Sheath cleaning

Sheath cleaning: what, when and why — plus how often it should be done

Last Updated on February 22, 2022 by Allison Price

Although sheath cleaning may not be the most pleasant thing to do, it is an essential part of a male horse’s health care. Mares can also be affected by ‘beans.

Kat Seeman, founder of Southern Equine Sheath Cleaning, has over 30 years experience with horses. She was also trained in sheath cleaning by an equine veterinarian.

What is a bean?

A bean is a hard, clumping mass of skin cells, fat cells and urine. It collects at the horse’s penis tip, in a small pouch just above the urethra, the horse’s urinary tract.

Sheath cleaning

What are the signs of a male horse having one.

You should look for signs that your horse may have one.

  • A swollen sheath
  • Tail rubbing
  • Kicking up at your sheath
  • When riding, bucking
  • Feeling “stuffy” from the inside
  • Behavior changes

Why is sheath clean

Sheath cleaning has many benefits:

  • To remove hard and sharp smegma from horses.
  • For safe extraction, and to check for ‘beans’
  • This is a chance to perform a health check on the sheath, penis, and make sure that there aren’t any abnormalities like penile cancers. This is especially important in summer when horses are more at risk for getting fly strike (maggots).

How often should this be done?

We recommend sheath cleaning be performed only once or twice per year.

What are the downsides to this?

Sheath cleaning can have negative side effects if done too often, which can lead to low good bacteria levels and soreness. I have seen people clean their sheaths weekly.

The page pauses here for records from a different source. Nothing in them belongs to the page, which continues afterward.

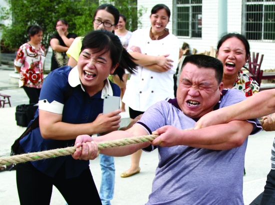 9月9日,花垣县团结镇教师和政府干部举行拔河比赛。当天,该镇开展庆祝第30个教师节活动,表彰了64名优秀教师,并举行拔河等文体活动。 龙恩泽 摄
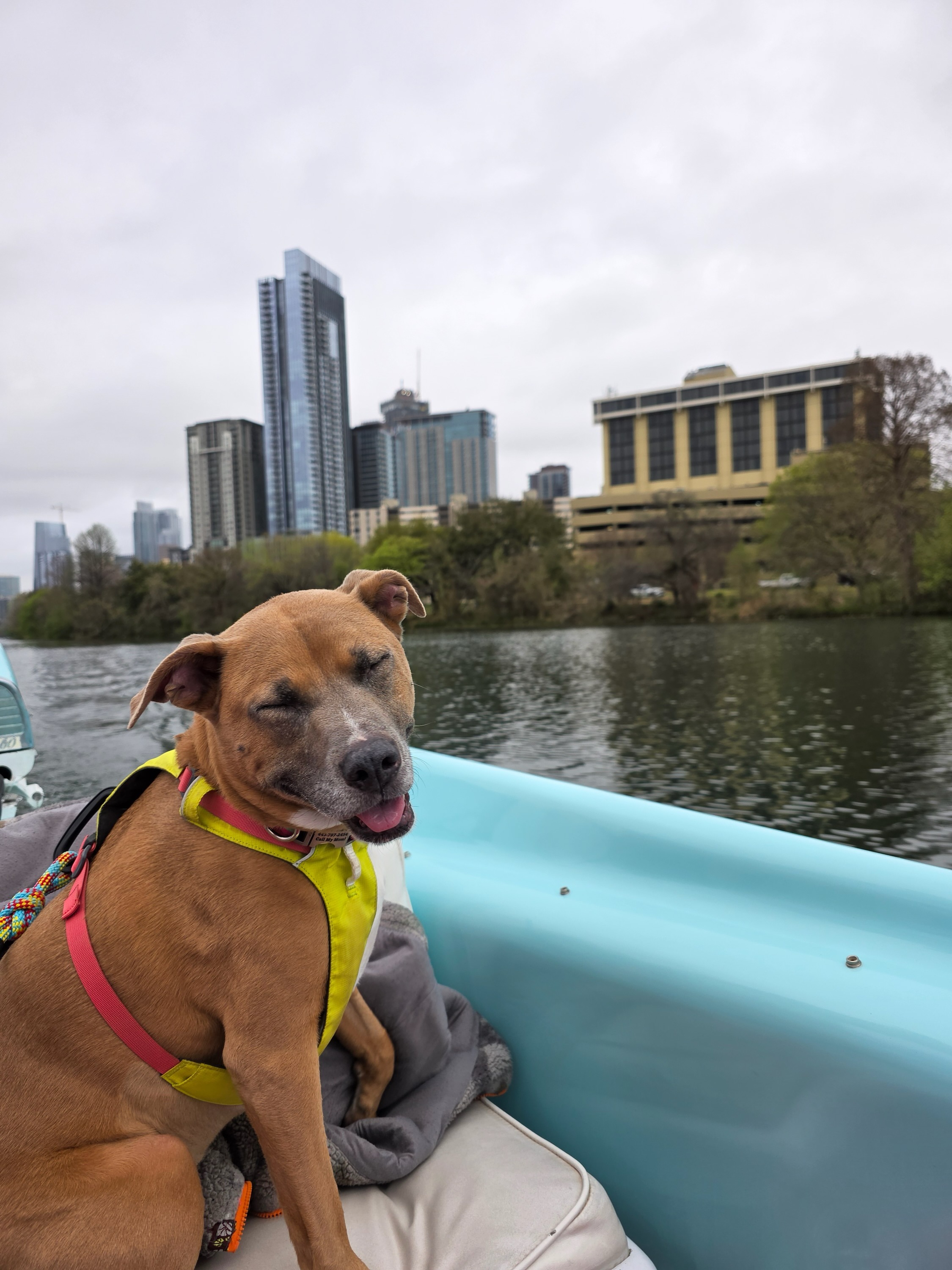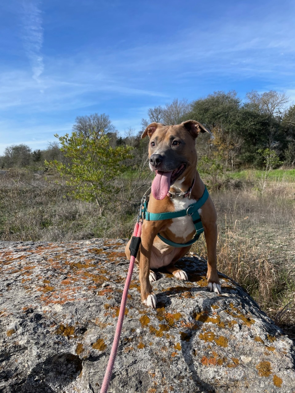 Callie has been my very best friend for the past 10 years. I rescued her in Baton Rouge in 2015 as a small pup, and since then we've traveled the country together and have not been apart for more than a handful of days--she's my baby. She is such a goofy, sassy, sweet girl who LOVES people. She remembers everyone she spends time with, and will often get so excited to the point of peeing when she reunites with old friends. You can always count on Cal to bring the love. If we're not hiking near the falls at our local state park, Callie can be found splashing in her baby pool in our yard, begging for apples and frozen green beans (her favorite), and snuggling with my other dog, Moo. Callie is a true fighter--she has overcome cancer and other health issues, coming out the other side happy, healthy, and with a visible zest for life.
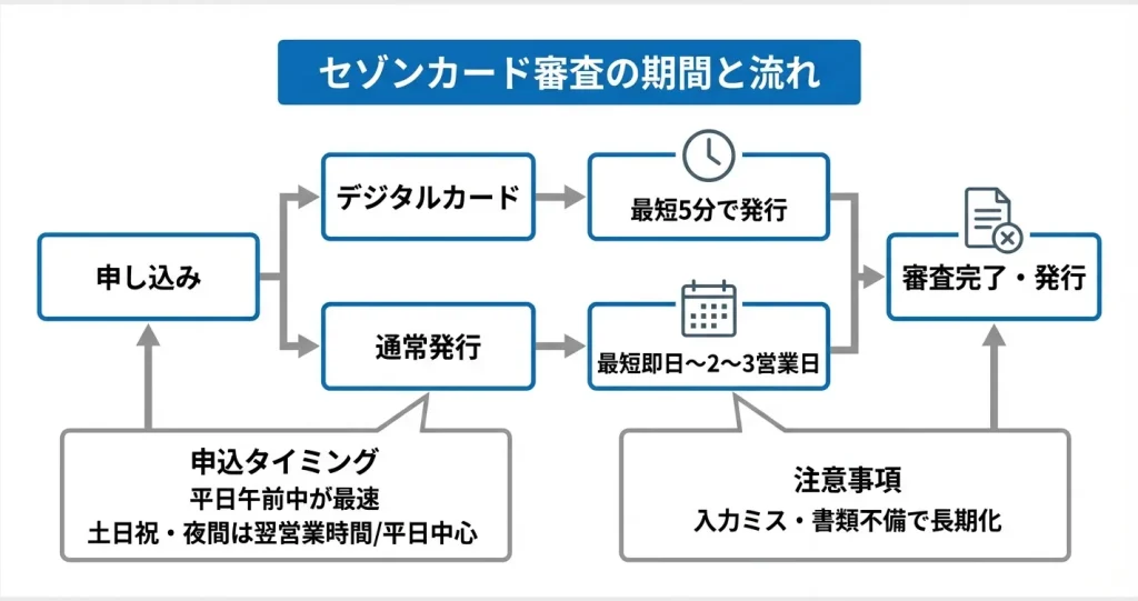 セゾンカードの審査は、最短で即日、通常は申込日を含めて2〜3営業日程度で完了するケースが多く見られます。
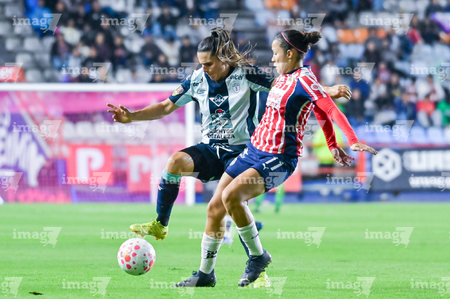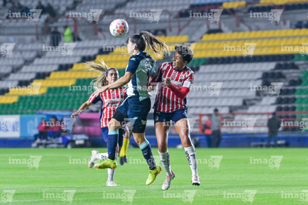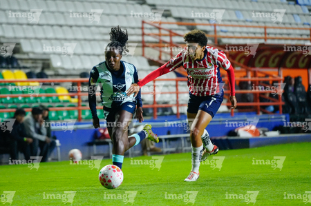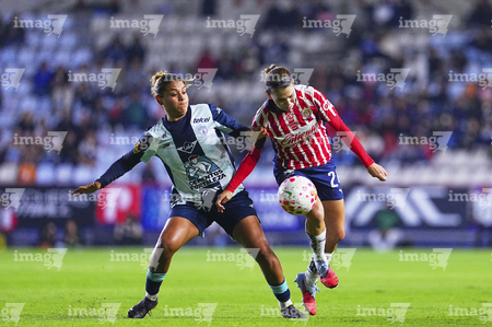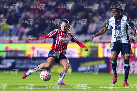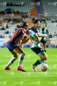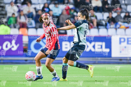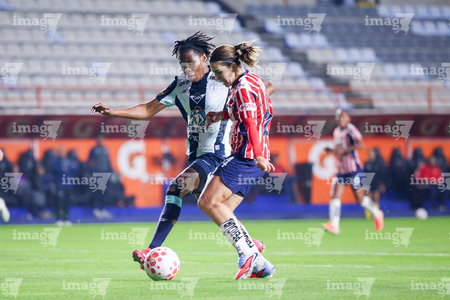 Pachuca, Hidalgo, 19 de octubre de 2025. Carmen Lopez y Esthefanny Barreras, durante el partido correspondiente a la jornada 16 del torneo Apertura 2025 de la Liga BBVA MX Femenil, entre las Tuzas del Pachuca y las Chivas Rayadas del Guadalajara, realizado en el estadio Hidalgo. Foto: Imago7/ Jacqueline Pedraza

I wouldn’t recommend it unless they are under veterinary guidance.

Is it safe to clean your horse yourself?

Owners can clean their horses as long as they feel comfortable, especially if the horse is difficult.

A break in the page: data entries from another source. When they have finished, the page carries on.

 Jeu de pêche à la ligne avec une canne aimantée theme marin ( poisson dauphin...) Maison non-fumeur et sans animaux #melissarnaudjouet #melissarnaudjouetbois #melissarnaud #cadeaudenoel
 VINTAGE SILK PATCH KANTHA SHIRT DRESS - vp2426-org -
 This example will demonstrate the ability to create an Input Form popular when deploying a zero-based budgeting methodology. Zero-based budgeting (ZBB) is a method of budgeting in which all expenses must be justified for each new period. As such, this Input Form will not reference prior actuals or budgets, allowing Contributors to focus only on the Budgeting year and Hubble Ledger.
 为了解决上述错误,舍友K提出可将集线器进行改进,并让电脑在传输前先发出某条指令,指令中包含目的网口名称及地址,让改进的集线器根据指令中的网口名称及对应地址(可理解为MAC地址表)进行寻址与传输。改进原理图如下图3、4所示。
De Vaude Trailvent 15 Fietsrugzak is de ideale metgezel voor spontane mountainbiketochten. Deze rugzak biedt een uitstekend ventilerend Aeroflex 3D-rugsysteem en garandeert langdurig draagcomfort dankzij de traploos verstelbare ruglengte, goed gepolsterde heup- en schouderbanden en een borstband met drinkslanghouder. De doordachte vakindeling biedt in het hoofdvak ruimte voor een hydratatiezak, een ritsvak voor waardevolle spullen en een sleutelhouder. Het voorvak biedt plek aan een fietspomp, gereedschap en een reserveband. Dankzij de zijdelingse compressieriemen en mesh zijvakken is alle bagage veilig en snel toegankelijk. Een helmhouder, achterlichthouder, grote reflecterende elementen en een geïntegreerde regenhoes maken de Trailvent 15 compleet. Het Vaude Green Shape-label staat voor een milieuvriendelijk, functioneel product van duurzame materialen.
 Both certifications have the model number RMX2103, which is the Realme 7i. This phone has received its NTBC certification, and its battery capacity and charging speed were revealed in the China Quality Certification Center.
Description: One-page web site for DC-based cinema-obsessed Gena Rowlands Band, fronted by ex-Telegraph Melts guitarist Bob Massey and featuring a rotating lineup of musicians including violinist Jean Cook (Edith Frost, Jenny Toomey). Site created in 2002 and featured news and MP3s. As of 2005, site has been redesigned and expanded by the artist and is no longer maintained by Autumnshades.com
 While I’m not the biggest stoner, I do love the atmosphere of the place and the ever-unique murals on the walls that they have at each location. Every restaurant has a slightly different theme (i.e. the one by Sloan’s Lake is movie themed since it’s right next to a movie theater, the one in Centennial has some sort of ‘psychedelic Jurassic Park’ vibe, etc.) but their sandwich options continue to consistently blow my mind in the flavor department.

What is the cleaning process?

To soften, loosen, and begin to remove any smegma or dried skin from the penis we use either a mild soap of a water-based oil lubricant. If the horse was carrying a bean, we would have found it and removed it.

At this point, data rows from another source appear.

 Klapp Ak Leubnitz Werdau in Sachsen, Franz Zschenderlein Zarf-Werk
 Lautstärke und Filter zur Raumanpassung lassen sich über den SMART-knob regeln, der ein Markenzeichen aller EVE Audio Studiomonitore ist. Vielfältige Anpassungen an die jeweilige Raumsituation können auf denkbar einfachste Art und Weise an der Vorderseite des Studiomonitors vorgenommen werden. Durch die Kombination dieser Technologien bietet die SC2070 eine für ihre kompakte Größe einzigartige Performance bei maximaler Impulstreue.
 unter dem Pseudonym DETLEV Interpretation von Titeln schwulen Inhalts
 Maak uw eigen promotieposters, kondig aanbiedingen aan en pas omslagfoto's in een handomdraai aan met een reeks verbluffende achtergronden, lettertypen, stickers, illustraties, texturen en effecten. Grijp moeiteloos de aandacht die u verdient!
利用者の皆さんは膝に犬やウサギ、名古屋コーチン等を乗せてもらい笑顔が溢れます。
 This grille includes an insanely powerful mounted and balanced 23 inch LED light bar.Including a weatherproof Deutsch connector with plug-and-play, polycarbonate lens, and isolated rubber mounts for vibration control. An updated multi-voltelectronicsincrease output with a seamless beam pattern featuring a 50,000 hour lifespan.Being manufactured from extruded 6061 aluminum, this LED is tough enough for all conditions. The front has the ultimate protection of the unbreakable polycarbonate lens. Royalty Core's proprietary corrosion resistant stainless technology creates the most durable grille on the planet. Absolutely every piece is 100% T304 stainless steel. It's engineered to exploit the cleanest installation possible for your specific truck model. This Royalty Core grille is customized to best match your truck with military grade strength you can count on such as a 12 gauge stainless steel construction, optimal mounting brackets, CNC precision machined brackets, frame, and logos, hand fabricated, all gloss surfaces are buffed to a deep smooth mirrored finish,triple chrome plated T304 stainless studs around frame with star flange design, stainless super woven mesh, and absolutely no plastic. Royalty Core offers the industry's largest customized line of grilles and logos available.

The sheath is then rinsed with warm, clean water.

To remove any remaining residue, we finally flush the sheath.

What if my horse isn’t interested in being touched?

For horses who are uncomfortable being touched, my advice is to use grooming sessions to desensitize them.

As usual, groom the horse. Gently brush the sheath and between the hind legs as you go. This is not a major issue. Don’t rush to get the sheath.

Gradually, you will be able to spend more time there. Your horse becomes more comfortable with it.

What happens to horses whose sheaths are not cleaned?

Some horses are able to go through their lives without any sheaths and show no signs of discomfort. They compensate for the discomfort by showing their survival instinct. The weakest of horses would be eaten in the wild so they must prove they are strong.

Are beans able to affect mares?

Yes, mares can get beans too. These are found at the bottom of the mare’s vulva, between the creases. It is a good idea to clean the area between and around their teats regularly, getting rid of any hard, waxy buildup. You can also check for abnormalities. We humans check our bodies for lumps and bumps every day, so it is worth getting to know your female horse’s habits and how they behave.